#### WHAT THE TASK ASKS
Using the listing below, print exactly everything from the line with "Learn to Ride, Cycloville, Kenya" down to the line with "With Finance Team of the company", both included, and nothing more.

START DATA TO PROCESS

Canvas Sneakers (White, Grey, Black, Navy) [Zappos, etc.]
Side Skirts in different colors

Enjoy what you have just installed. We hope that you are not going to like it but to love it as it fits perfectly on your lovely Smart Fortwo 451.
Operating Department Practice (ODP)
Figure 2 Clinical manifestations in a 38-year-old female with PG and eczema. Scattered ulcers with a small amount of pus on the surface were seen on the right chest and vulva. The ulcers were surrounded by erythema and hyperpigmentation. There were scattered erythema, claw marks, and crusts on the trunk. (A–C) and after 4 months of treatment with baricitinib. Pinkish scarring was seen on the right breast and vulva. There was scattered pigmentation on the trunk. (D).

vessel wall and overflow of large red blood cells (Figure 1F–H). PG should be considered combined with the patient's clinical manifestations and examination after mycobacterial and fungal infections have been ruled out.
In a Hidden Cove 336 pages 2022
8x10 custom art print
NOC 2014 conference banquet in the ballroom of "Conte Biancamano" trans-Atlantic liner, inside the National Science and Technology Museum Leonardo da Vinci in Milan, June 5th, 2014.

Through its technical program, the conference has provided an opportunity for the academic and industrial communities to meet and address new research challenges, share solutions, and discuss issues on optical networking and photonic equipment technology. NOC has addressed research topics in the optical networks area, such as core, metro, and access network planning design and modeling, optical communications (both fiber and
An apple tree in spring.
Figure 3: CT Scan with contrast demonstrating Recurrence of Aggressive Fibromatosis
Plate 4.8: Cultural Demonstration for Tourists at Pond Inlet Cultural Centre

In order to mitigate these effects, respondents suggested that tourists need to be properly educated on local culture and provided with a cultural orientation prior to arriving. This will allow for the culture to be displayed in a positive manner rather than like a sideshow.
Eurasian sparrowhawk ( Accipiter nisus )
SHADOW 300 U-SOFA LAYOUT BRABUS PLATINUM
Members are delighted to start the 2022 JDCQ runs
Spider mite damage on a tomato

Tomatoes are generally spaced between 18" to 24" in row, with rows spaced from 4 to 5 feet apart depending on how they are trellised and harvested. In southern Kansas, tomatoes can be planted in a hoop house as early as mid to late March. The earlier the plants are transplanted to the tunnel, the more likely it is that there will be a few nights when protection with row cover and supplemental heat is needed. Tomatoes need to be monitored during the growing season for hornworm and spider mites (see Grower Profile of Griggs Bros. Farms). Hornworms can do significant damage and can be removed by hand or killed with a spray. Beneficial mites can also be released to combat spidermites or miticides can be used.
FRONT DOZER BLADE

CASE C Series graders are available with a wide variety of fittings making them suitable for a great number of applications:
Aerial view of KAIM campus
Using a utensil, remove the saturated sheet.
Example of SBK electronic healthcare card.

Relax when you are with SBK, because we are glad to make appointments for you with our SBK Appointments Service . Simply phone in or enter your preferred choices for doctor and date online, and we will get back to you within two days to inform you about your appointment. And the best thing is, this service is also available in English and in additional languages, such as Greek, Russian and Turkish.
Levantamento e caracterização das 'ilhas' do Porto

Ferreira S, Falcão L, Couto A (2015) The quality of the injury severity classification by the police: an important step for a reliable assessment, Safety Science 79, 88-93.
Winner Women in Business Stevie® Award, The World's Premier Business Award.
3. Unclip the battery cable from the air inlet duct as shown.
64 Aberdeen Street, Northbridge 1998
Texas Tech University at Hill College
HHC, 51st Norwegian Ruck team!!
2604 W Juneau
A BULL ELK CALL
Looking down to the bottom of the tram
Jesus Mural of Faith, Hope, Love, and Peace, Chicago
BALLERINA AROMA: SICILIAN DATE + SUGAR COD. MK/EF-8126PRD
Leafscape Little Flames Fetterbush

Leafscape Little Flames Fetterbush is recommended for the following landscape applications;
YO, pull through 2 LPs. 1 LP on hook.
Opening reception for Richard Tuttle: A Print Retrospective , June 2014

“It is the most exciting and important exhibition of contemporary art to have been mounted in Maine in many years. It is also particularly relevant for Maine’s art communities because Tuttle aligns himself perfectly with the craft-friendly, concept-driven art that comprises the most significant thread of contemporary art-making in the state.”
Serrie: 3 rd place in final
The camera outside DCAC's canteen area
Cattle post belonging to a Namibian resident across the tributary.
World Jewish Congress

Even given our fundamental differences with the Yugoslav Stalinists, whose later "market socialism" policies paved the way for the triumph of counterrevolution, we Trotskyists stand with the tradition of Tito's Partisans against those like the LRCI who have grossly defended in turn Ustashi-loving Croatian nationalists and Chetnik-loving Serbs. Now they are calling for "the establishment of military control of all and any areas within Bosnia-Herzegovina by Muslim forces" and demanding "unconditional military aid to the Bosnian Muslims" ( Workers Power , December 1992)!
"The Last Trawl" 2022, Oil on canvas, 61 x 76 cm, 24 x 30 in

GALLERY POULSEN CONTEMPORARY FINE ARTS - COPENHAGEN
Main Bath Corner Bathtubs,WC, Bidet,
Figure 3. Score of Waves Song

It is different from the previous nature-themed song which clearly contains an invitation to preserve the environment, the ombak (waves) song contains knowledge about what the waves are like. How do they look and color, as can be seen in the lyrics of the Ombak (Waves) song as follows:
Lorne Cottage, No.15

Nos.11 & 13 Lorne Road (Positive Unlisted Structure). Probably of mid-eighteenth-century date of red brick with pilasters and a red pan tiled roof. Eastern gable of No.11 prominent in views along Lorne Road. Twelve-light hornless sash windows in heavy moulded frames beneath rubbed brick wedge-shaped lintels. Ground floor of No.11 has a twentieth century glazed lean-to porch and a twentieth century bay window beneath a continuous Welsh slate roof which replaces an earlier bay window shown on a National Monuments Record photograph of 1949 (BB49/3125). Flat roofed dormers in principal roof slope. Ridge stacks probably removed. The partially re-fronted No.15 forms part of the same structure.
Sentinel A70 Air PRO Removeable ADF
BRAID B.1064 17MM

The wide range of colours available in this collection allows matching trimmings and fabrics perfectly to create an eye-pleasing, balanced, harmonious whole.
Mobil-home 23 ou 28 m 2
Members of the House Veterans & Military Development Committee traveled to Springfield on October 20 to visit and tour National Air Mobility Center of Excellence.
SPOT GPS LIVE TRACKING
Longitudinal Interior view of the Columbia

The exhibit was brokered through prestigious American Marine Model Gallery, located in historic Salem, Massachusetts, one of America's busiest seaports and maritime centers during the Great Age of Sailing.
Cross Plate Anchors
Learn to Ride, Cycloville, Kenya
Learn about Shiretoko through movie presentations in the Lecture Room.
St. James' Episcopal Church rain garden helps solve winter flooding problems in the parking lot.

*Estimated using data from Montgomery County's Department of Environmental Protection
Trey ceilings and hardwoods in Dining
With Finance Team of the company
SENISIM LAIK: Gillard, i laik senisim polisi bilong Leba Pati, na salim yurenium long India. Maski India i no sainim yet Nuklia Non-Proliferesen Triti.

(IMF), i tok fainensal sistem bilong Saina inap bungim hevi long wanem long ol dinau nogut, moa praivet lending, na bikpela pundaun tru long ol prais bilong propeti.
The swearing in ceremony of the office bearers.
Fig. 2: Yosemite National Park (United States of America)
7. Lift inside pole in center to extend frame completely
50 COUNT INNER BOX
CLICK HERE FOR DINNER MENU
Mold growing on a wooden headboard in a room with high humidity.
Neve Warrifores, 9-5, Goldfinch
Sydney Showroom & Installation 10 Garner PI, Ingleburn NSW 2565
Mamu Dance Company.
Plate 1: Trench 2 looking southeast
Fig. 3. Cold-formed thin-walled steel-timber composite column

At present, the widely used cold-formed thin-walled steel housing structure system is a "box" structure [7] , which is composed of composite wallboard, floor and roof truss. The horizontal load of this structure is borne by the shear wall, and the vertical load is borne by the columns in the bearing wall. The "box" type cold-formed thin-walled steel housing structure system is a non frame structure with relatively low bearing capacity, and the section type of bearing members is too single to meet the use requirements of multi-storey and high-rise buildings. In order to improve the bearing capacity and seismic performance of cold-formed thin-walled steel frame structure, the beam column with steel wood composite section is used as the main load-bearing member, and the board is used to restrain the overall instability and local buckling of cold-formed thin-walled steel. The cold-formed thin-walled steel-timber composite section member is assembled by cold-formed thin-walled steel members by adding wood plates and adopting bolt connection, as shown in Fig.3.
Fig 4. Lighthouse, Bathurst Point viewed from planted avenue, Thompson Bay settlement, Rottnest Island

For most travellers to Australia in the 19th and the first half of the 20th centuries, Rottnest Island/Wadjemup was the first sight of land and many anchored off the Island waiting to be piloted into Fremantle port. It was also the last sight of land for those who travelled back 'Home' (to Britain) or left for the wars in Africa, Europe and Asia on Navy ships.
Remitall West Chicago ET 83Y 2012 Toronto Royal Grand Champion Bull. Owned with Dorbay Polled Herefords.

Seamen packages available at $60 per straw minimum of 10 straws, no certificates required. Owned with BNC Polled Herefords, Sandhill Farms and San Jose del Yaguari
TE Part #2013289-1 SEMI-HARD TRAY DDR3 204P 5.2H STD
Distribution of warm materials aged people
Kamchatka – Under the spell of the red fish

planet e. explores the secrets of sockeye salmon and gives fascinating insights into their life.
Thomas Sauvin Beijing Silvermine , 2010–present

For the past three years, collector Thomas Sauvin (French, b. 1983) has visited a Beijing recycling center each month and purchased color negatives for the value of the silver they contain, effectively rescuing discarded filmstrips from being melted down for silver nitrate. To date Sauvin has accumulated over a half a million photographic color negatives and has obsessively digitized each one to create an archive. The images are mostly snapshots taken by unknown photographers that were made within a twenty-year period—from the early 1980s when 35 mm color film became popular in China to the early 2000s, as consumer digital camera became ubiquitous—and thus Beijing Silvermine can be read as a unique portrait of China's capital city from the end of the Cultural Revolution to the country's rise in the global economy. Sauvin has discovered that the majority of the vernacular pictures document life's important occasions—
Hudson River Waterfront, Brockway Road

END DATA TO PROCESS

#### ANSWER SECTION
Learn to Ride, Cycloville, Kenya
Learn about Shiretoko through movie presentations in the Lecture Room.
St. James' Episcopal Church rain garden helps solve winter flooding problems in the parking lot.

*Estimated using data from Montgomery County's Department of Environmental Protection
Trey ceilings and hardwoods in Dining
With Finance Team of the company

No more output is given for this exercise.